=== Begin Enclosure ===

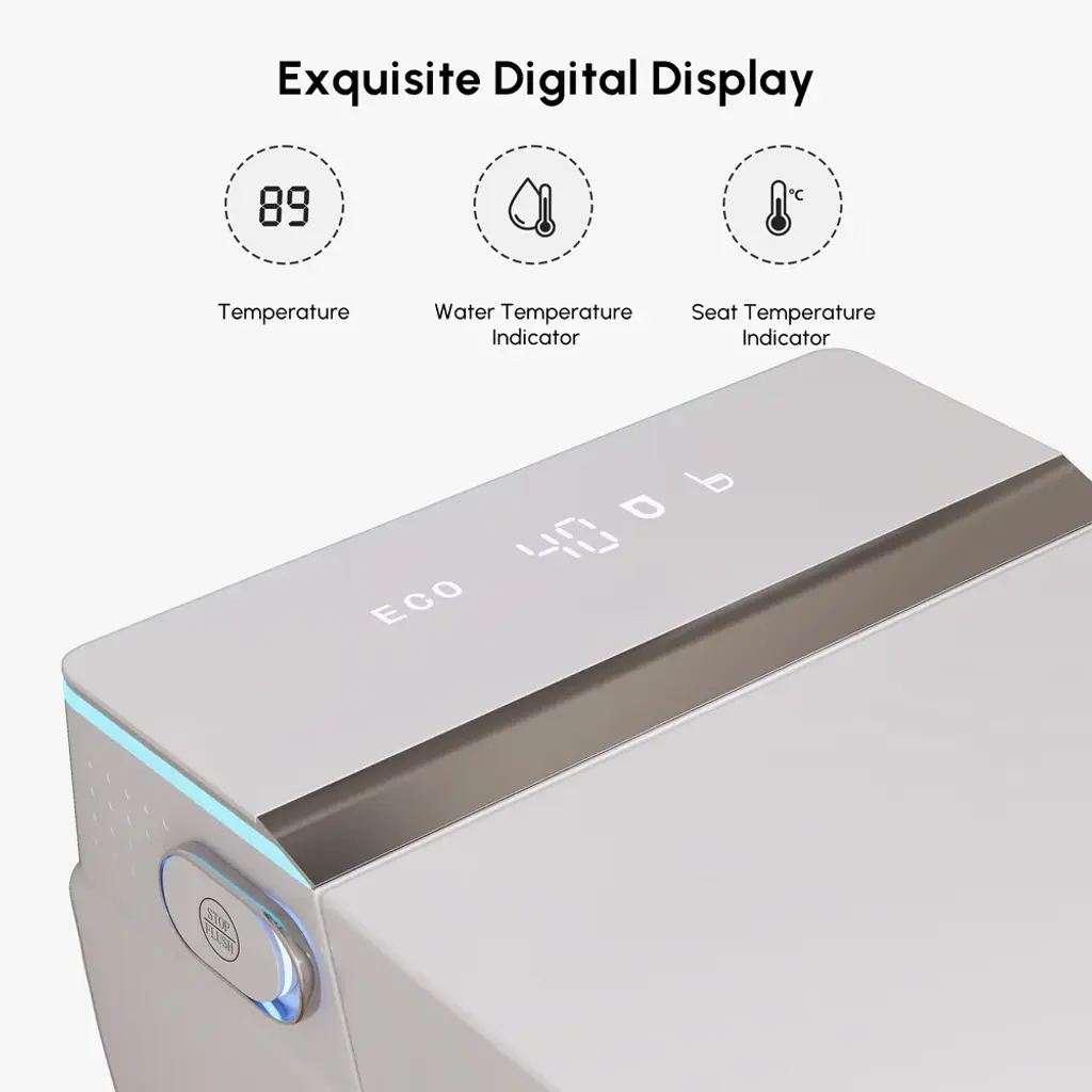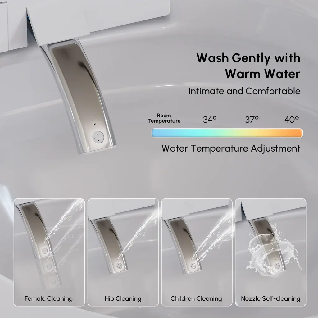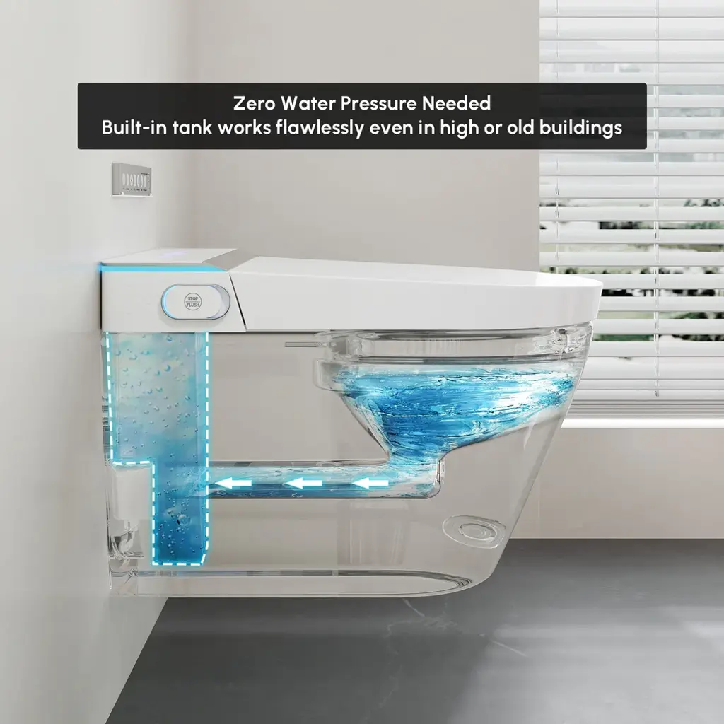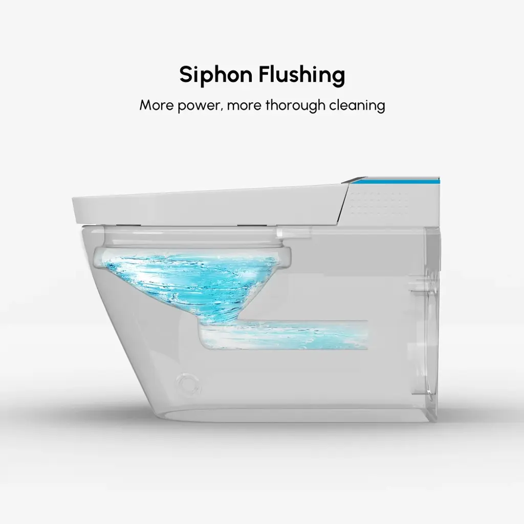 This wall-mounted Smart Toilet features innovative Foam Shield technology and auto-seasonal seat warming. With 4 water/4 air temp settings, self-cleaning nozzle, and built-in tank, it delivers premium hygiene without water pressure dependence. Remote control included.
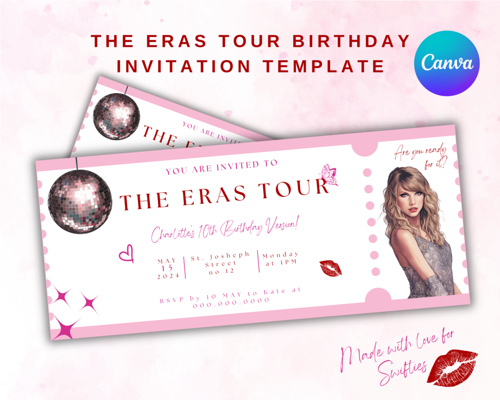 Dear Swiftie, can you think of anything better than a Taylor Swift ERAS TOUR invitation for your birthday?! You can easily customize this invitation template with a free Canva account. Let's throw our own Eras Tour party! Are you ready for it?
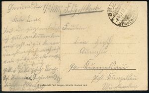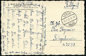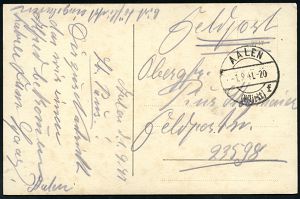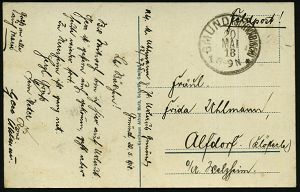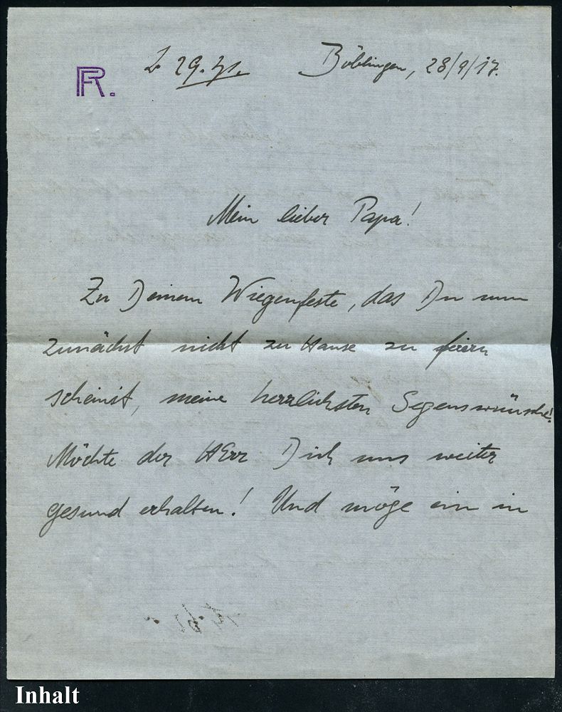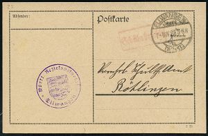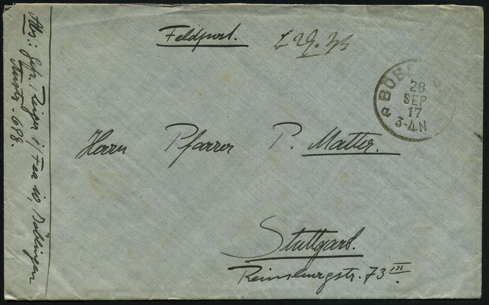 3761 | 20 € | POSTLEITRAUM 7000 (OHNE STUTTGART) : BÖBLINGEN 1917 (28.9.) 1K (nicht ganz voll) + hs. Abs.: "F e a 10 , Böblingen" = F eld-Flieger-Abtlg.. Feldpost-Bf. + Inhalt, Text über Urlaubssperre n. Stuttgart, 2 Belege kompl. (Kat.Nr.1211) | ![]() ![]() | |
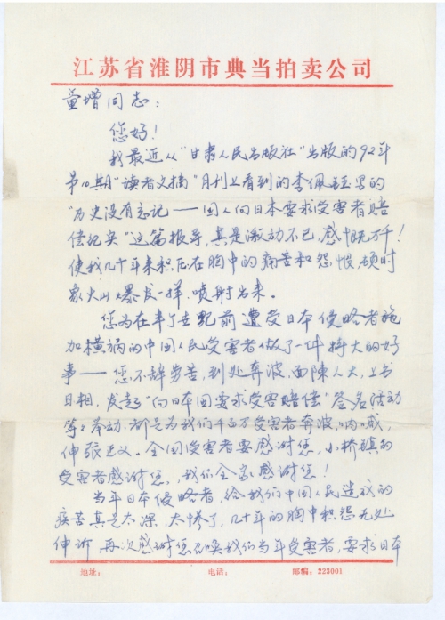 您在为半个世纪前遭受日本侵略者施加横祸的中国人民受害者做了一件特大的好事——您不辞劳苦,到处奔波,面陈人大,上书日相,发起“向日本国要求受害赔偿”签名活动等等举动,都是为我们千百万受害者奔波、呐喊、伸张正义。全国受害者要感谢您,小桥镇的受害者感谢您,我们全家感谢您!

=== End Enclosure ===

### REQUIRED WORK
Return nothing but the lines running from the start of the data to the line with "Dear Swiftie, can", please, both ends included and no pictures.

### SOLUTION TO THIS EXERCISE
 This wall-mounted Smart Toilet features innovative Foam Shield technology and auto-seasonal seat warming. With 4 water/4 air temp settings, self-cleaning nozzle, and built-in tank, it delivers premium hygiene without water pressure dependence. Remote control included.
 Dear Swiftie, can you think of anything better than a Taylor Swift ERAS TOUR invitation for your birthday?! You can easily customize this invitation template with a free Canva account. Let's throw our own Eras Tour party! Are you ready for it?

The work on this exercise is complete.